We need political vision. Take the London Underground as an example. It was started by a visionary in 1863 when London had a population of just 3.5 million. The cost was £1 million,  which at today’s value would be £152 billion.

What started with steam trains is now fully electrified, is 402km long and used by 1.35 billion people annually. 

The rationale for starting the underground was “to reduce street congestion”. Imagine modern-day London without the tube. Imagine Auckland in 20 years without a proper transport fix.

Well thought-out, resilient infrastructure makes good common sense.

For example, the cost of congestion in Auckland is estimated at $1.3bn annually. It needs to be fixed and that requires considerable investment.

The current axing of the Auckland fuel levy won’t help, with mayor Wayne Brown complaining that key infrastructure projects will need to be cancelled. Either that or they will be paid for by you and me, the taxpayer.

The problem is that any remedy needs to be agreed to by all political parties if that is remotely possible because without that agreement we are going to be in a worse position in 10 years’ time with billions of taxpayer dollars wasted.

In addition it will be infinitely worse for us in the provinces as the political parties will chase the votes from the most populist centres and that won’t include Masterton or Ashburton.

Something needs to be done, so the government will allocate funding or borrowing along regional council lines. If that happens the rural ratepayers of Wairarapa and Horowhenua are going to be well and truly screwed to support Wellington City’s self-inflicted water woes.

Another example is Three Waters. I was strongly opposed to the original Three Waters but saw some merit in the revised 10-organisation approach.
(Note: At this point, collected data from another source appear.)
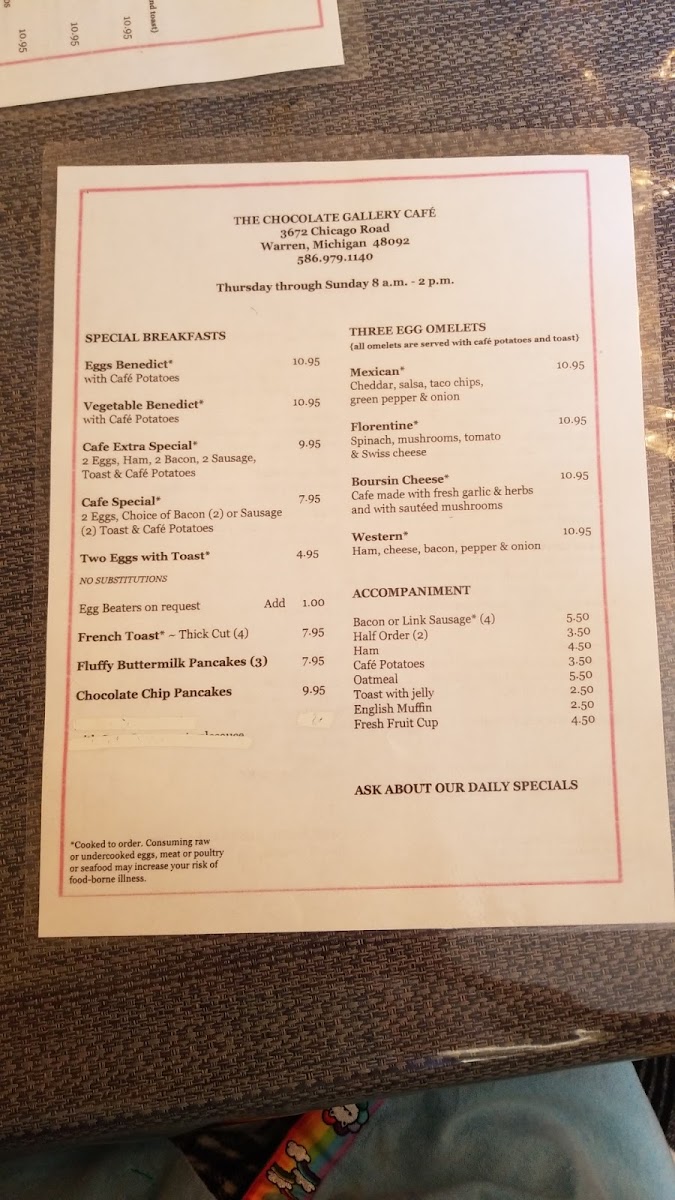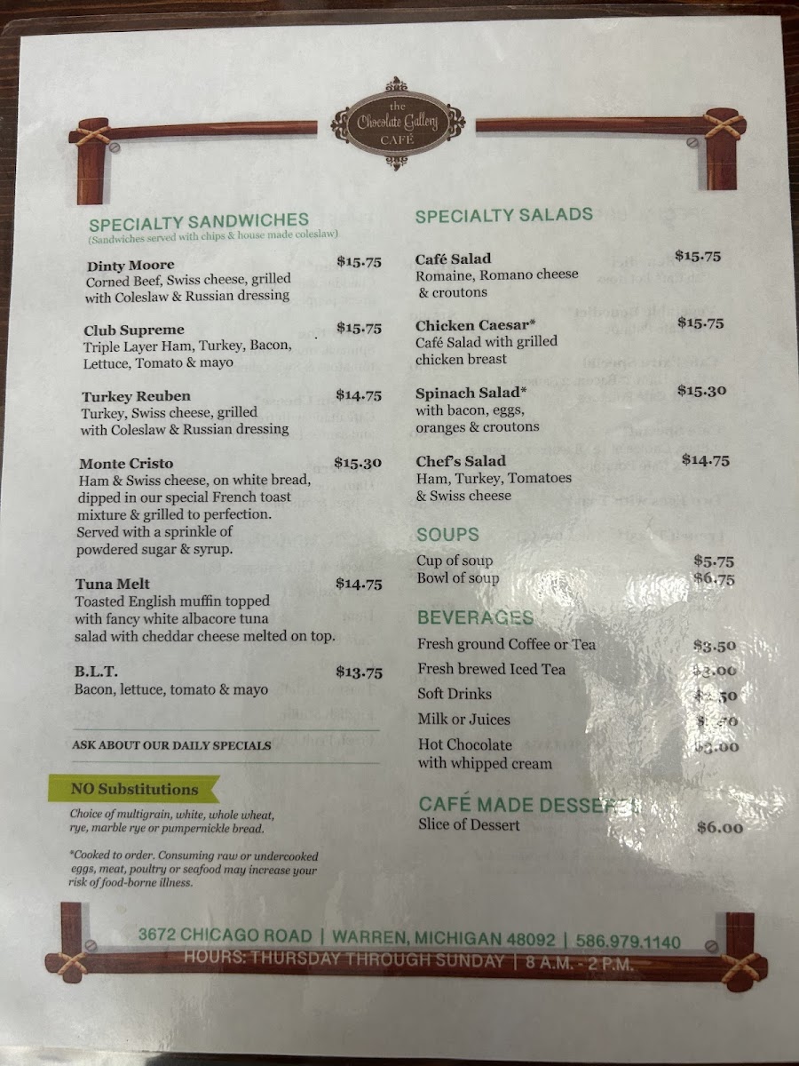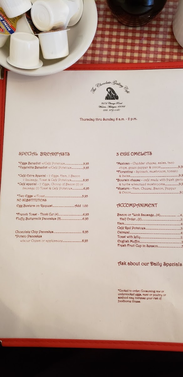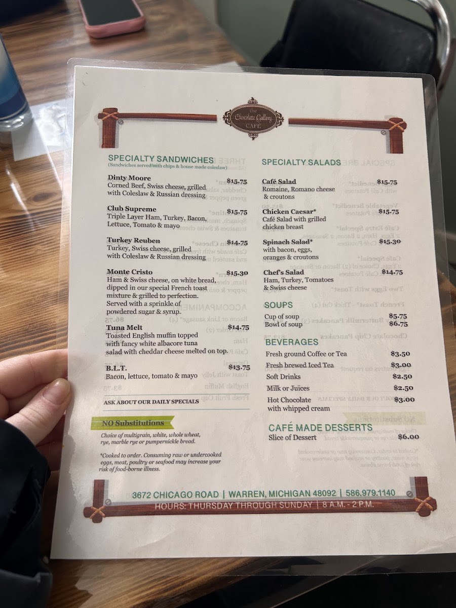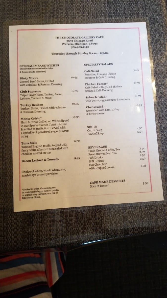 The Chocolate Gallery Cafe Menu
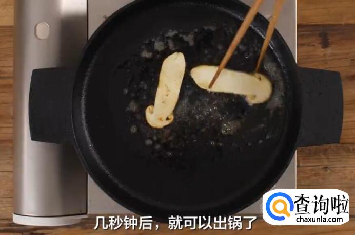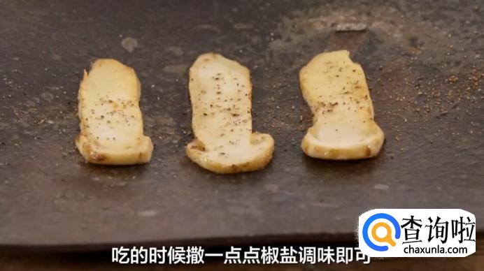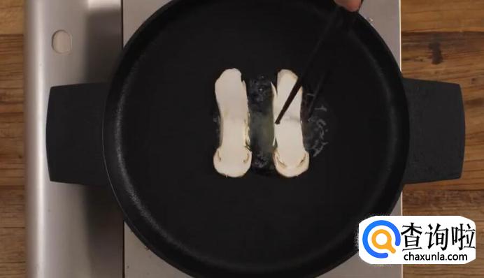 煎片刻,至松茸恢复平整后,再翻面,几秒钟后,即可出锅。
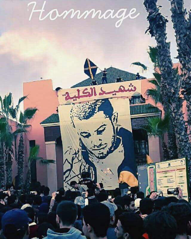 قام مجموعة من طلبة كلية الطب و الصيدلة بمراكش يوم الخميس، برسم صورة للفقيد حمزة الشايب ابن مدينة بني ملال  و قراءة الفاتحة على روحه والوقوف دقيقة صمت حزنا على وفاته على يد قتلة مجرمين.
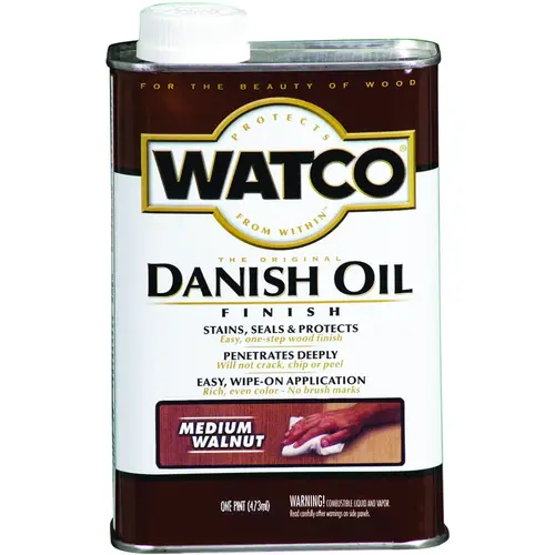 WATCO Danish oil is a unique blend of penetrating oil and varnish hardens in the wood, not on the wood. WATCO Danish oil penetrates deep into wood pores to protect from within and to enhance the natural look and feel of the wood. It creates the rich, warm glow of a traditional hand-rubbed finish. Many projects can be completed in less than an hour, simply brush or wipe-on and wipe-off. WATCO Danish oil is the choice of fine woodworkers and novices alike.
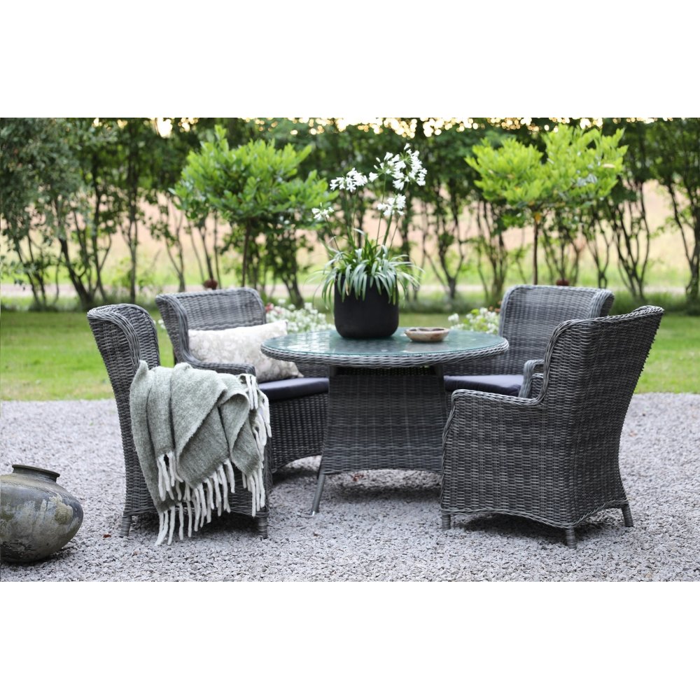 Matgrupp Ø110 cm | Grå konstrotting | Aluminium & glasskiva | Jacksonville
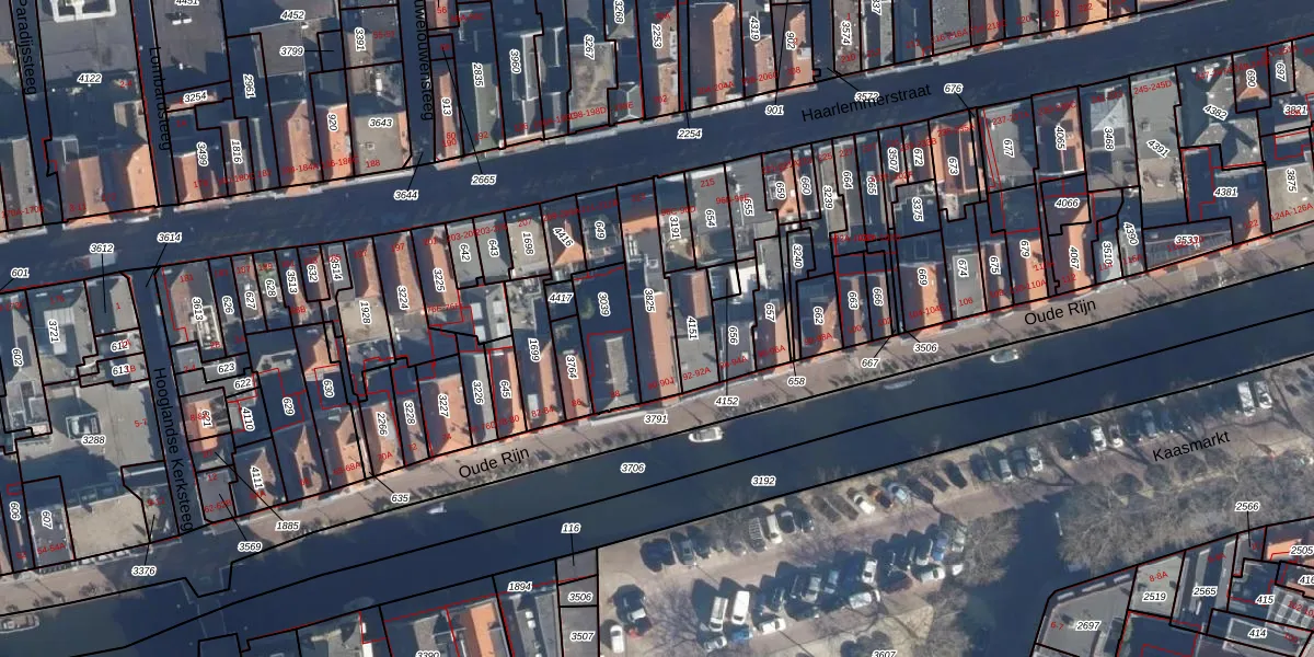 Het perceel waarop het adres ligt is LDN01-H-3825. De afkorting 'LDN01' staat voor kadastrale gemeente Leiden. De gemiddelde perceelgrootte in Leiden is 704,9 m². Dit perceel is kleiner: de perceeloppervlakte bedraagt 200 m². De grootste perceeloppervlakte in de kadastrale gemeente is 51,8 ha. De kleinste oppervlakte bedraagt 0 m². Op het perceel liggen in totaal 11 adressen. De huidige grenzen van het perceel zijn digitaal in de Basisregistratie Kadaster (BRK) geregistreerd op 06-02-1998.
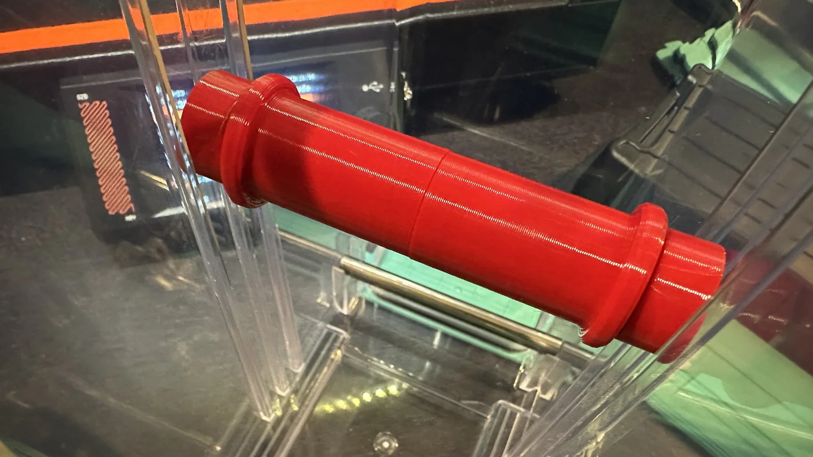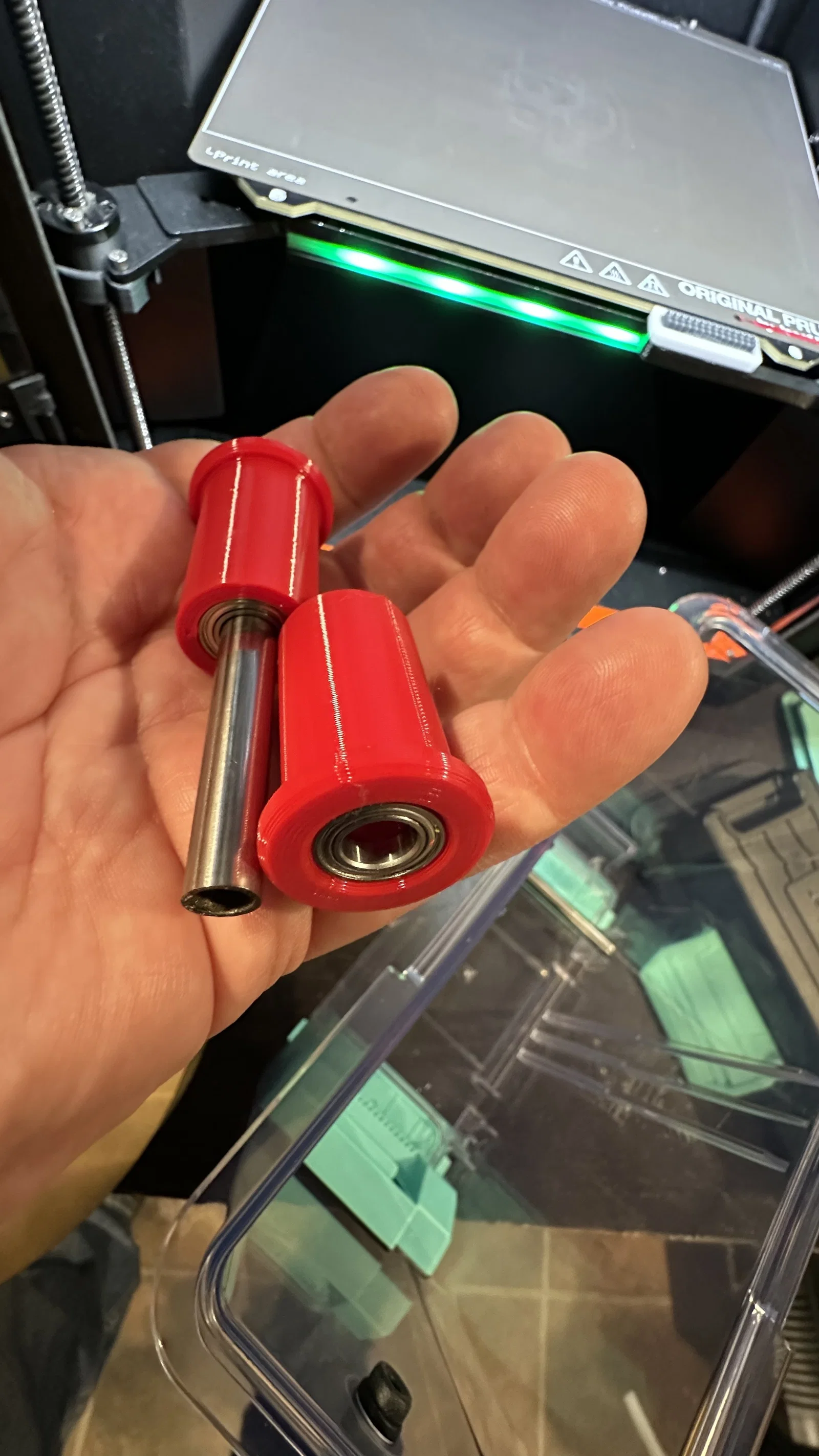 Cuộn nhựa in (filament) lõi giấy thường không xoay trơn tru trên trục nhựa bên trong máy sấy. Các trục kim loại chạy trên vòng bi ở phía dưới còn tệ hơn khi dùng với cuộn lõi giấy. Bạn hãy in 2 cái cho mỗi linh kiện, sau đó tận dụng bốn cái vòng bi và một trục kim loại từ máy sấy để lắp cuộn nhựa lên đó. Sự khác biệt sẽ cực kỳ rõ rệt luôn.
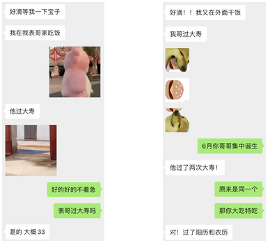花花很可爱,也确实很老实。她喜欢叫别人宝子,痴迷于发doge吃汉堡表情包,还总在朋友圈分享她侄儿给她拍的美丽照片。
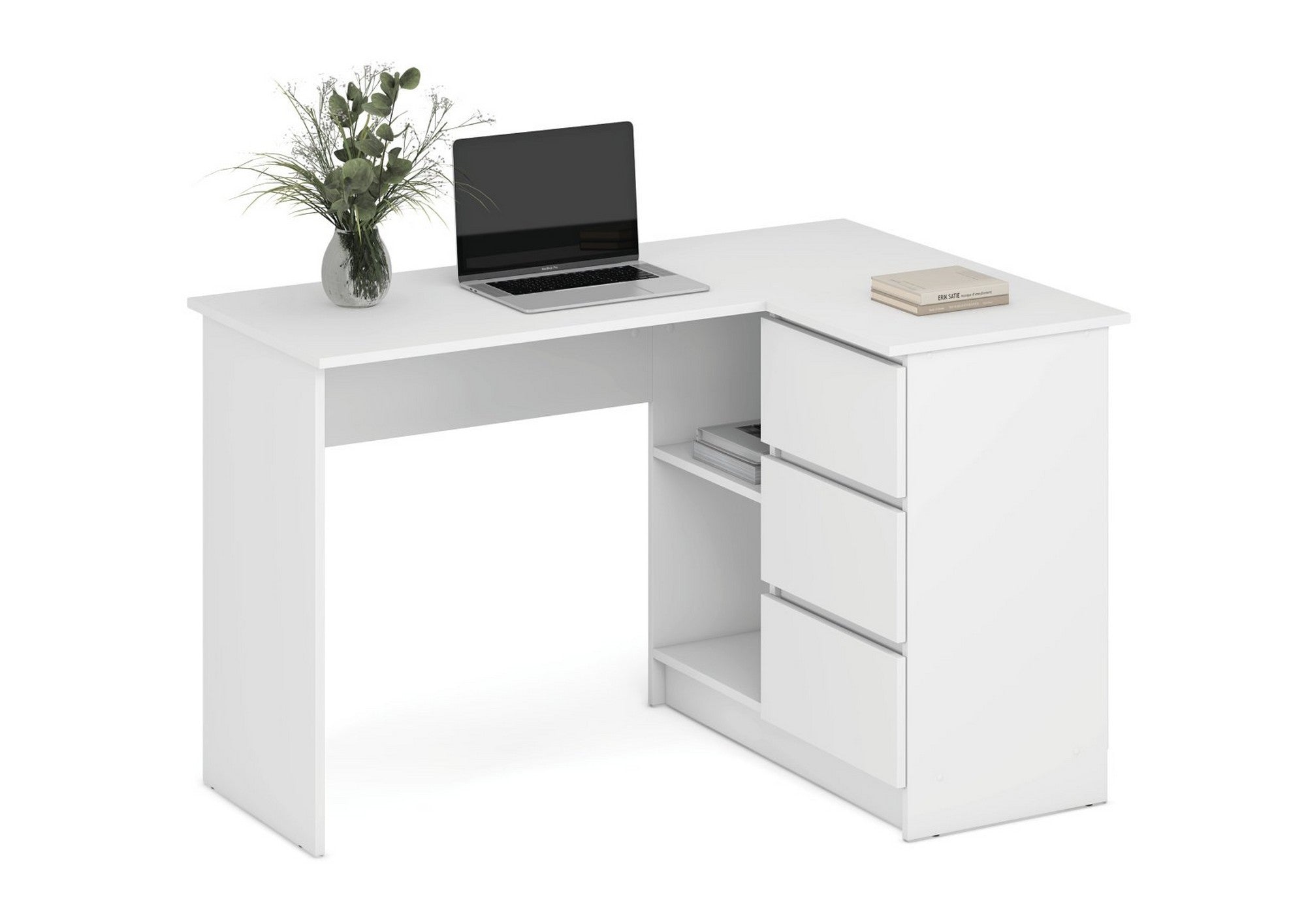 Birou BEGA, alb, PAL laminat, 124x85x76 cm
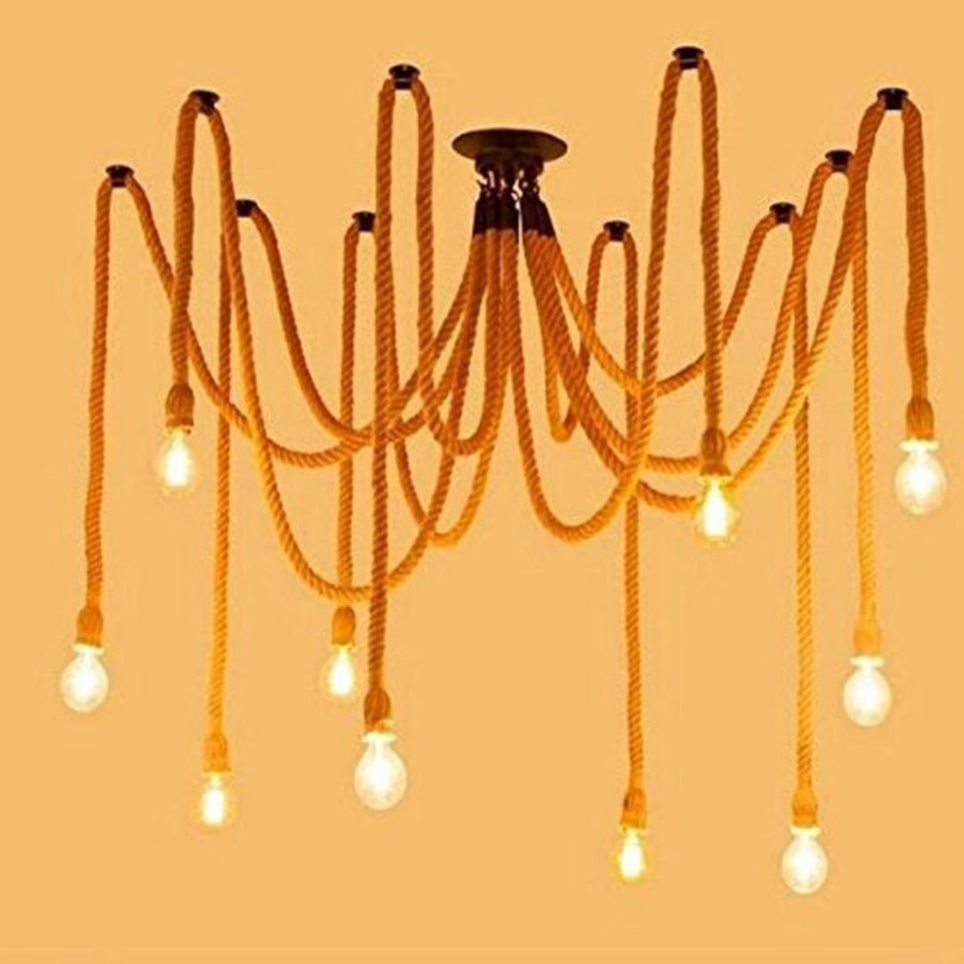 Электрические провода и патроны спрятаны в пеньковые канаты, что обеспечивает безопасность и эстетичный вид. Количество патронов - 10, а тип цоколя - Е27.
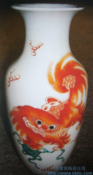 太少红狮 张源泰作 矾红赏瓶 光绪三十二年 易阳 |
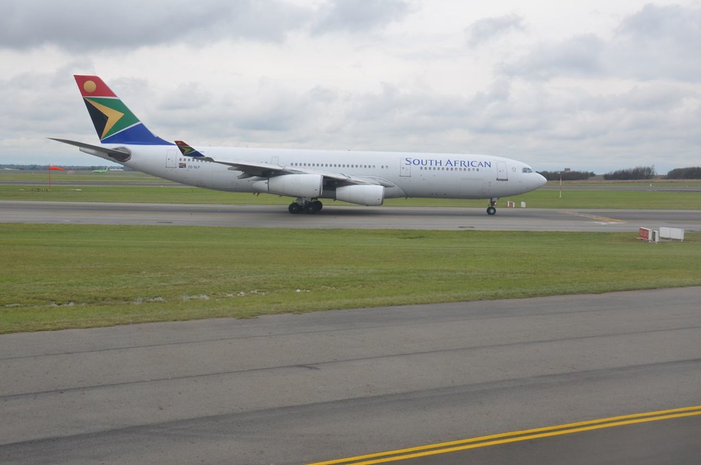 We had a bit of a wait today as we taxied to runway 3 L. Looking out the window, I happened to see the dreaded old SAA Airbus 340-200 was in operation today. I haven’t had the pleasure of experiencing it, but many seem to fear it. This is probably because it’s the oldest plane and doesn’t have monitors in the seat backs, leaving entertainment to overhead protector screens. SAA have 1 in their fleet and use them to swap out Airbus 340-300 / 600’s that have gone mechanical. It taxied beside us on the way to the hold line at runway 3L at Johannesburg.

That’s now toast, leaving a bill for the taxpayer of $1.2bn and no real answers going forward. We’re told that to fix the country’s water woes could cost up to $180bn.

So what’s going to happen now? Councils are complaining that their rates could treble and that would be lethal for rural landowners already paying excessive rates.

I’d argue that rates can’t significantly increase as it would make them unaffordable for many. We’ve already been told we’re having tax cuts and not tax increases.

That begs the question of where the money for our much-needed infrastructure will come from and the only answer I can see is to either introduce new taxes, such as capital gains, or borrow. I don’t believe we can cut enough services to provide the hundreds of billions of dollars our infrastructure desperately needs. And don’t tax the provinces to fix the incompetence of the cities.

What we desperately need is political leadership that can take us forward as a country by working across the political spectrum to develop key infrastructure that will last beyond a political cycle.

At this point we seem to be doing anything but.